PAGE 14
The Black Mate
by
The old beast would never forgive his niece for marrying Bunter; and years afterwards, when people made a point of letting him know that she was in London, pretty nearly starving at forty years of age, he only said: “Serve the little fool right!” I believe he meant her to starve. And, lo and behold, the old cannibal died intestate, with no other relatives but that very identical little fool. The Bunters were wealthy people now.
Of course, Mrs. Bunter wept as if her heart would break. In any other woman it would have been mere hypocrisy. Naturally, too, she wanted to cable the news to her Winston in Calcutta, but I showed her, Gazette in hand, that the ship was on the homeward-bound list for more than a week already. So we sat down to wait, and talked meantime of dear old Winston every day. There were just one hundred such days before the Sapphire got reported “All well” in the chops of the Channel by an incoming mailboat.
“I am going to Dunkirk to meet him,” says she. The Sapphire had a cargo of jute for Dunkirk. Of course, I had to escort the dear lady in the quality of her “ingenious friend.” She calls me “our ingenious friend” to this day; and I’ve observed some people–strangers–looking hard at me, for the signs of the ingenuity, I suppose.
After settling Mrs. Bunter in a good hotel in Dunkirk, I walked down to the docks–late afternoon it was–and what was my surprise to see the ship actually fast alongside. Either Johns or Bunter, or both, must have been driving her hard up Channel. Anyway, she had been in since the day before last, and her crew was already paid off. I met two of her apprenticed boys going off home on leave with their dunnage on a Frenchman’s barrow, as happy as larks, and I asked them if the mate was on board.
“There he is, on the quay, looking at the moorings,” says one of the youngsters as he skipped past me.
You may imagine the shock to my feelings when I beheld his white head. I could only manage to tell him that his wife was at an hotel in town. He left me at once, to go and get his hat on board.
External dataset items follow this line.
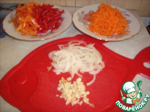 Морковь натереть на крупной тёрке, лук и перец нарезать полукольцами, чеснок измельчить.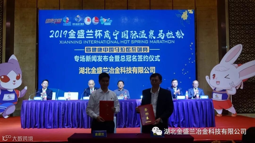 公司党委书记林云庆受陈龙官董事长委托,出席签约仪式并讲话。他说,顽强拼搏、锐意进取、勇往直前、永不止步的马拉松精神,与湖北金盛兰集团所秉持的“自主创新、勇于拼搏、携手共赢、追求卓越”的发展理念完美契合,公司自2017年起,已连续三届总冠名咸宁国际温泉马拉松赛事,为推动全民健身和全民健康的有机融合提供助力。咸宁国际温泉马拉松已连续举办了四届,不断掀起畅跑泉都的热潮,不仅让“香城泉都”“中部绿心”、“国际生态城市”的美誉响彻神州,更是为传播健康乐观的生活理念、积极向上的正能量发挥了重要作用,预祝本届赛事取得圆满成功。
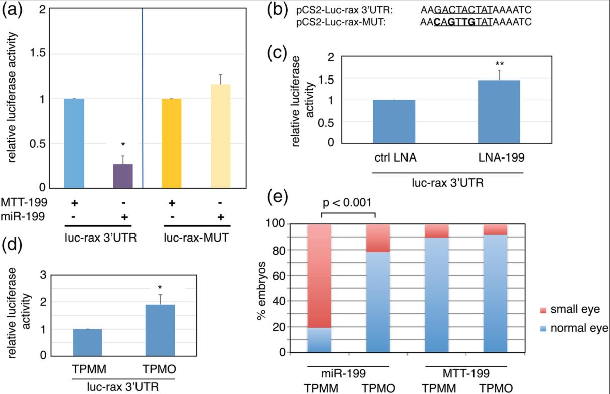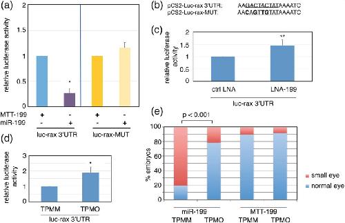 Figure 5. Validation of interactions between the rax1A 3â²UTR and miRâ199aâ3p. Luciferase âsensorâ constructs carrying the rax1a 3â²UTR were used to evaluate the sensitivity of the rax 3â²UTR to miRâ199 gainâ and lossâofâfunction. (a) Luciferase assay of embryos injected with either the wild type (lucâraxâ3â²UTR, left) or mutant (lucâraxâMUT, right) luciferase constructs (b), in combination with either the wild type miRâ199 sequence (miRâ199) or a mutant sequence carrying four reversed bases within the seedâbinding sequence (MTTâ199). For both the wild type and the mutant 3â²UTR construct, the results for the miRâ199 overexpression are normalized to those of the sample containing MTTâ199. (N = 5 independent experiments; *pâ<â.05; unpaired Student's t test for all panels shown). (b) Comparison of the putative miRâ199 sequences for the lucâraxâ3â²UTR and the lucâraxâMUT constructs. The âseed sequenceâ is underlined. Four bases within the seed sequence are reversed in the MUT construct, and these changes are complementary to the mutations in MTTâ199. (c) Luciferase assay of embryos injected with the lucâraxâ3â²UTR construct in combination with a LNA oligonucleotide inhibitor of miRâ199 (LNAâ199) or a control LNA sequence (ctrl LNA). (N = 5 independent experiments; **pâ<â.01). (D) Luciferase assay of embryos injected with the lucâraxâ3â²UTR construct and a TPMO complementary to the predicted miRâ199 binding sequence within the rax 3â²UTR. (N = 4 independent experiments; *pâ<â.05). (e) To evaluate the significance of interactions between miRâ199 and the rax 3â²UTR, targeted injections were carried out with the either wild type or mutant forms of miRâ199 in the presence of either the TPMO or a 5âbase mispair MO (TPMM). Embryos were scored for the small eye phenotype. (N = 363 embryos across nine independent experiments). LNA, locked nucleic acid; TPMO, âtarget protectorâ morpholino oligonucleotide |

I was mightily surprised by the smartness of his movements as he hurried up the gangway.
Whereas the black mate struck people as deliberate, and strangely stately in his gait for a man in the prime of life, this white-headed chap seemed the most wonderfully alert of old men. I don’t suppose Bunter was any quicker on his pins than before. It was the colour of the hair that made all the difference in one’s judgment.
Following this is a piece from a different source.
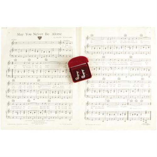 <B>Hank Williams Cufflinks and Sheet Music.</B></I> A pair of 14k white gold cufflinks with red rhinestones, owned and worn by the Country Music icon for about one year, then given to one of his favorite fans, who had admired the set on her hero. The cufflinks are in Very Fine to Excellent condition with very mild wear and tarnishing, and are accompanied by a rare copy of the published sheet music for Williams' "May You Never Be Alone" (in Fine to Very Fine condition with some creasing and wear).<BR><BR><b>Shipping:</b> Miscellaneous Collectibles, Smal (<a target="_blank" href="http://www.heritageauctions.com/common/shipping.php">view shipping information</a>)

The same with his eyes. Those eyes, that looked at you so steely, so fierce, and so fascinating out of a bush of a buccaneer’s black hair, now had an innocent almost boyish expression in their good-humoured brightness under those white eyebrows.
I led him without any delay into Mrs. Bunter’s private sitting-room. After she had dropped a tear over the late cannibal, given a hug to her Winston, and told him that he must grow his moustache again, the dear lady tucked her feet upon the sofa, and I got out of Bunter’s way.
He started at once to pace the room, waving his long arms. He worked himself into a regular frenzy, and tore Johns limb from limb many times over that evening.
“Fell down? Of course I fell down, by slipping backwards on that fool’s patent brass plates. ‘Pon my word, I had been walking that poop in charge of the ship, and I didn’t know whether I was in the Indian Ocean or in the moon. I was crazy. My head spun round and round with sheer worry. I had made my last application of your chemist’s wonderful stuff.” (This to me.) “All the store of bottles you gave me got smashed when those drawers fell out in the last gale. I had been getting some dry things to change, when I heard the cry: ‘All hands on deck!’ and made one jump of it, without even pushing them in properly. Ass! When I came back and saw the broken glass and the mess, I felt ready to faint.